Mastic asphalt binder is made of 30% base asphalt +70% lake asphalt. Shell 70# base asphalt is used as base asphalt, and Trinidad Lake asphalt is used as lake asphalt in South America. Technical indicators are shown in

Table 1. Technical index of asphalt.

Pilot Item		Unit	Mastic Asphalt Binder	A-70	TLA
Penetration (25 °C, 100 g, 5 s)		0.1 mm	16	63	3
Penetration index PI		-		−0.68
Softening point		°C	69	50	90
Ductility (15 °C, 5 cm/min)		cm		>100
Ductility (10 °C, 5 cm/min)		cm		34.6
Density 15 °C		g/cm		1.031	1.261
Solubility (trichloroethylene)		%	68.1	99.9	52.5
Flash point		°C	268	309
Wax content (distillation method)		%		1.72
Viscosity 60 °C		Pa·s		340
Kinematic viscosity 135 °C		Pa·s	3.9	0.51
Ash content		%	23	0.01	37.16
RTFOT	Quality change	%		−0.04	−0.95
	Penetration ratio	%	74.8	74.2
	Ductility: 10 °C	cm		10.5
	Ductility: 15 °C	cm		25.1

. As can be seen from Table 1, after the mixing of lake asphalt and base asphalt, the mastic asphalt binder has the anti-aging property and the anti-rutting property of lake asphalt, which effectively reduces the aging phenomenon in the production process of the mixture, and improves the anti-rutting ability of the mixture under the condition of high asphalt content.
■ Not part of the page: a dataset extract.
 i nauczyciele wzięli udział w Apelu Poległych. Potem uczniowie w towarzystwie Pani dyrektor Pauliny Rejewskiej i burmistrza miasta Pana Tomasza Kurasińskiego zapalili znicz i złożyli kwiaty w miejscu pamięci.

In the thixotropy study of castable asphalt mastic, the filler used is limestone powder, produced in the Xifu Mineral Powder Factory in Guangxi Province. The relevant technical indicators are shown in

Table 2. Technical index of mineral powder.

Test Items	Unit	Test Result
Calcium carbonate content	%	89
Apparent relative density	g/cm	2.765
Hydrophilic coefficient	%	0.6
Stability		Do not deteriorate
Appearance		Agglomerate-free caking
Particle size range < 0.6 mm <0.15 mm <0.075	%	100 100 99.3

. The cement is Conch cement, and the technical indicators are shown in

Table 3. Technical Indicators of Cement.

Test Items	Unit	Test Result
Loss on ignition	%	1.2
SO content	%	0.6
MgO content	%	1
Insoluble matter content	%	0.5
Particle size range 0.08 mm (square hole sieve)	%	98.5

. Because the mastic asphalt mixture needs to realize the characteristics of self-leveling, it needs to use a lot of asphalt binder, which leads to very poor rutting resistance at high temperatures. Therefore, cement is added to the mastic asphalt mixture to improve the rutting resistance.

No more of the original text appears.